In some embodiments, the modification to the guide is a chemical modification, an insertion, a deletion or a split. In some embodiments, the chemical modification includes, but is not limited to, incorporation of 2′-O-methyl (M) analogs, 2′-deoxy analogs, 2-thiouridine analogs, N6-methyladenosine analogs, 2′-fluoro analogs, 2-aminopurine, 5-bromo-uridine, pseudouridine (Ψ), N1-methylpseudouridine (me1Ψ), 5-methoxyuridine(5moU), inosine, 7-methylguanosine, 2′-O-methyl 3′phosphorothioate (MS), S-constrained ethyl(cEt), phosphorothioate (PS), or 2′-O-methyl 3′thioPACE (MSP). In some embodiments, the guide comprises one or more of phosphorothioate modifications. In certain embodiments, at least 1, 2, 3, 4, 5, 6, 7, 8, 9, 10, 11, 12, 13, 14, 15, 16, 17, 18, 19, 20, or 25 nucleotides of the guide are chemically modified. In certain embodiments, one or more nucleotides in the seed region are chemically modified. In certain embodiments, one or more nucleotides in the 3′-terminus are chemically modified. In certain embodiments, none of the nucleotides in the 5′-handle is chemically modified. In some embodiments, the chemical modification in the seed region is a minor modification, such as incorporation of a 2′-fluoro analog. In a specific embodiment, one nucleotide of the seed region is replaced with a 2′-fluoro analog. In some embodiments, 5 to 10 nucleotides in the 3′-terminus are chemically modified. Such chemical modifications at the 3′-terminus of the Cas13 CrRNA may improve Cas13 activity. In a specific embodiment, 1, 2, 3, 4, 5, 6, 7, 8, 9 or 10 nucleotides in the 3′-terminus are replaced with 2′-fluoro analogues. In a specific embodiment, 1, 2, 3, 4, 5, 6, 7, 8, 9 or 10 nucleotides in the 3′-terminus are replaced with 2′-O-methyl (M) analogs.

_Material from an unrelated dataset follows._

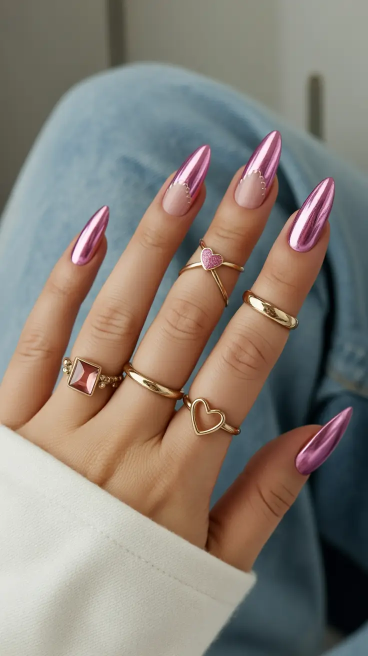 Chrome nails continue to dominate manicure trends, and this metallic pink version feels perfect for spring. The almond nails are coated in a reflective chrome powder that creates a mirror like surface in a rosy pink tone. The shine makes the manicure look futuristic but still feminine.

In some embodiments, the loop of the 5′-handle of the guide is modified. In some embodiments, the loop of the 5′-handle of the guide is modified to have a deletion, an insertion, a split, or chemical modifications. In certain embodiments, the modified loop comprises 3, 4, or 5 nucleotides. In certain embodiments, the loop comprises the sequence of UCUU, UUUU, UAUU, or UGUU.

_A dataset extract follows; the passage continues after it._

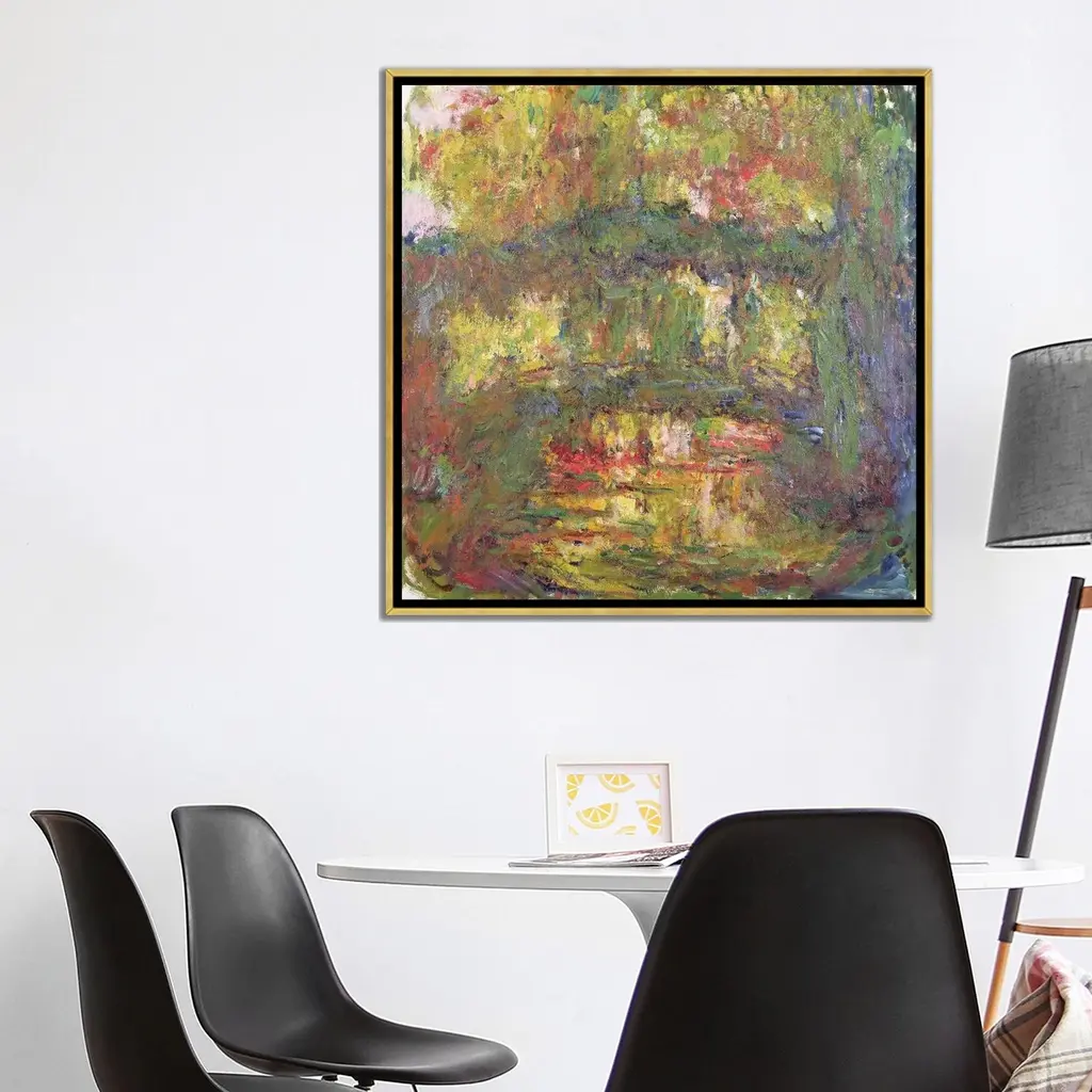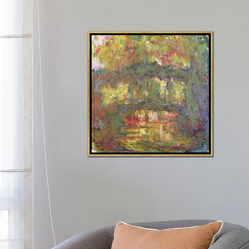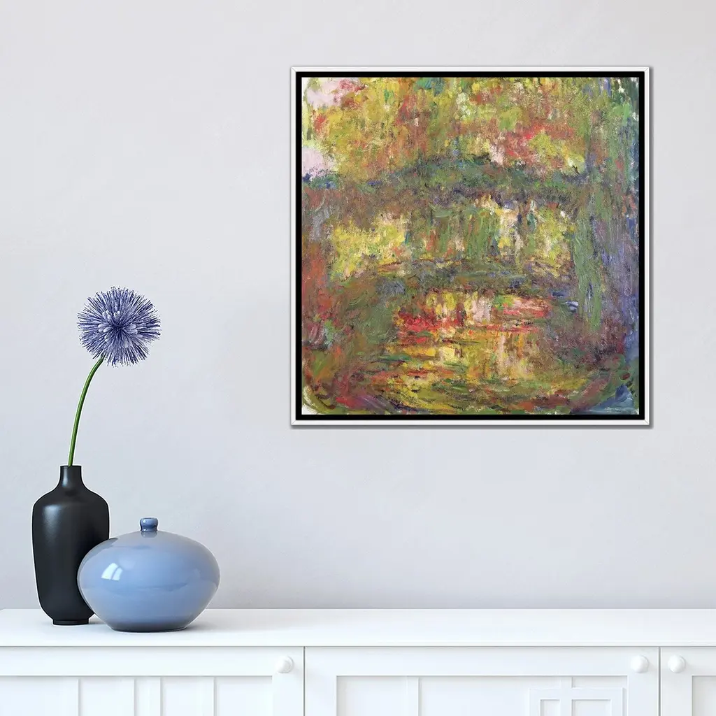Icanvas "The Japanese Bridge At Giverny, 1918-24 " By Claude Monet Framed Canvas Print - Black - 12x12

In some embodiments, the guide molecule forms a stemloop with a separate non-covalently linked sequence, which can be DNA or RNA. In particular embodiments, the sequences forming the guide are first synthesized using the standard phosphoramidite synthetic protocol (Herdewijn, P., ed., Methods in Molecular Biology Col 288, Oligonucleotide Synthesis: Methods and Applications, Humana Press, New Jersey (2012)). In some embodiments, these sequences can be functionalized to contain an appropriate functional group for ligation using the standard protocol known in the art (Hermanson, G. T., Bioconjugate Techniques, Academic Press (2013)). Examples of functional groups include, but are not limited to, hydroxyl, amine, carboxylic acid, carboxylic acid halide, carboxylic acid active ester, aldehyde, carbonyl, chlorocarbonyl, imidazolylcarbonyl, hydrozide, semicarbazide, thio semicarbazide, thiol, maleimide, haloalkyl, sufonyl, ally, propargyl, diene, alkyne, and azide. Once this sequence is functionalized, a covalent chemical bond or linkage can be formed between this sequence and the direct repeat sequence. Examples of chemical bonds include, but are not limited to, those based on carbamates, ethers, esters, amides, imines, amidines, aminotrizines, hydrozone, disulfides, thioethers, thioesters, phosphorothioates, phosphorodithioates, sulfonamides, sulfonates, fulfones, sulfoxides, ureas, thioureas, hydrazide, oxime, triazole, photolabile linkages, C—C bond forming groups such as Diels-Alder cyclo-addition pairs or ring-closing metathesis pairs, and Michael reaction pairs.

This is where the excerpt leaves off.